On the The Unix Heritage Society mailing list, someone started a
thread commemorating the death of John Backus, who, in addition to
inventing the Backus-Naur form, lead the team that developed the
original FORTRAN. Someone else made a disparaging remark about FORTRAN
and that precipitated a long discussion of the good, the bad, and the
ugly of FORTRAN. Most people who’ve never used FORTRAN—and many who
have—aren’t aware that except in strings and a couple of other places,
blanks don’t affect the syntax and can be omitted. I recall once
looking at a FORTRAN compiler where the first thing it did after
reading a card image was to eliminate all the blanks.
Steve Johnson, the inventor of Yacc, the Portable C Compiler, and
Lint, offered a funny story about FORTRAN and blanks at Bell Labs. His
post is worth reading as an interesting piece of Bell Labs history but
what struck me was how the choice of the right tool for a job enabled
Johnson to complete a task much more quickly than even the world-class
engineers and computer scientists at the lab expected.

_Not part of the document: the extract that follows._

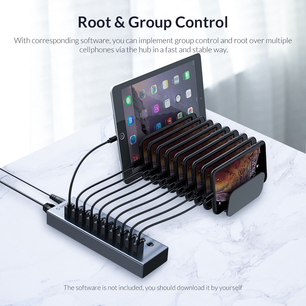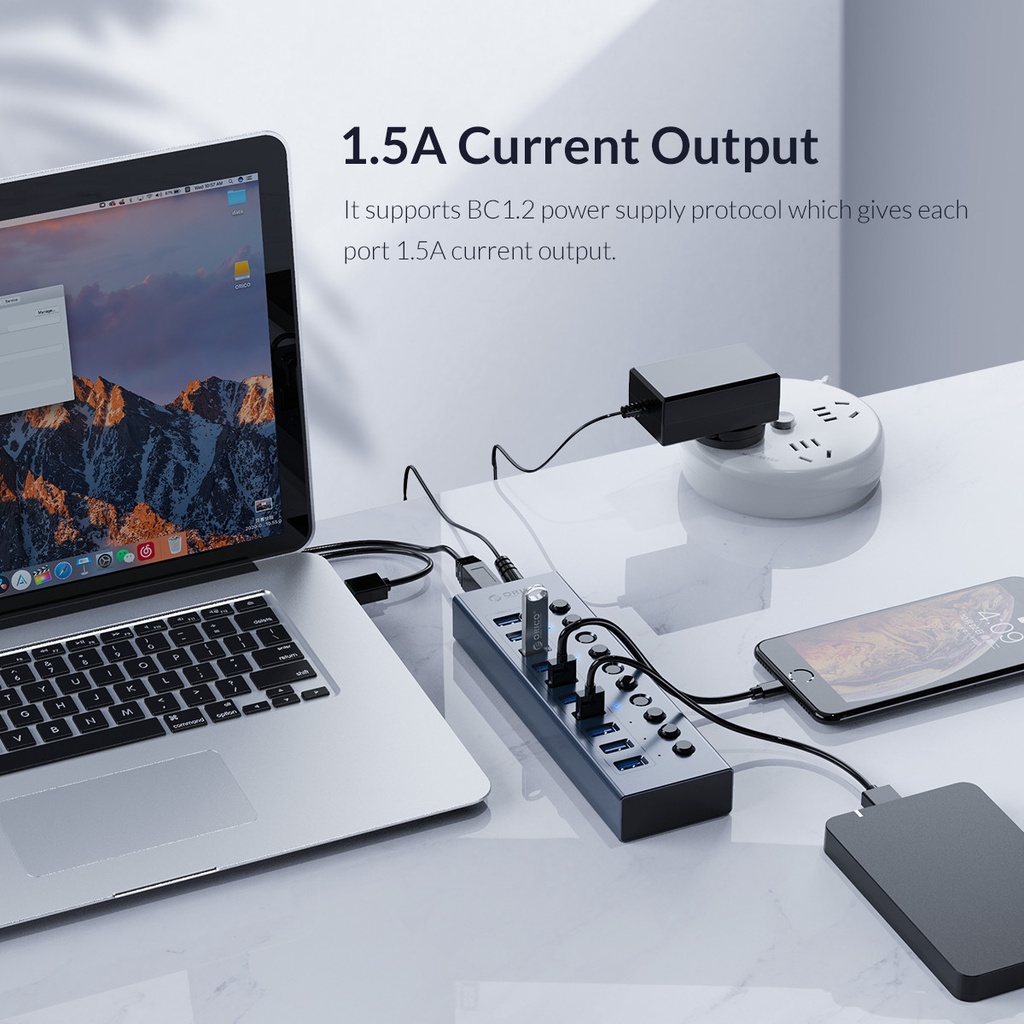 Hub Orico BT2U3 USB 3.0 7/10/13/16 Công Tắc Bật/Tắt Nguồn 12v Kèm Sạc Cho Máy Tính Bằng Nhôm - Hàng Chính Hãng

The TL:DR is that Johnson, just out of college, had a summer job at
the labs. He was assigned to write a program implementing a state
minimization algorithm. His supervisors expected it to take him the
summer to complete the program. But Johnson had heard about this new
language, SNOBOL, that seemed perfect for the task. Once he got SNOBOL
running, it took him only 3 weeks to do the job.
All of us have go-to tools that we turn to first. In terms of
languages, it might be C, Lisp, Python, Ruby, JavaScript, R, or
whatever we’re most comfortable with. But stopping to consider what
tool will make the job easiest can yield large dividends.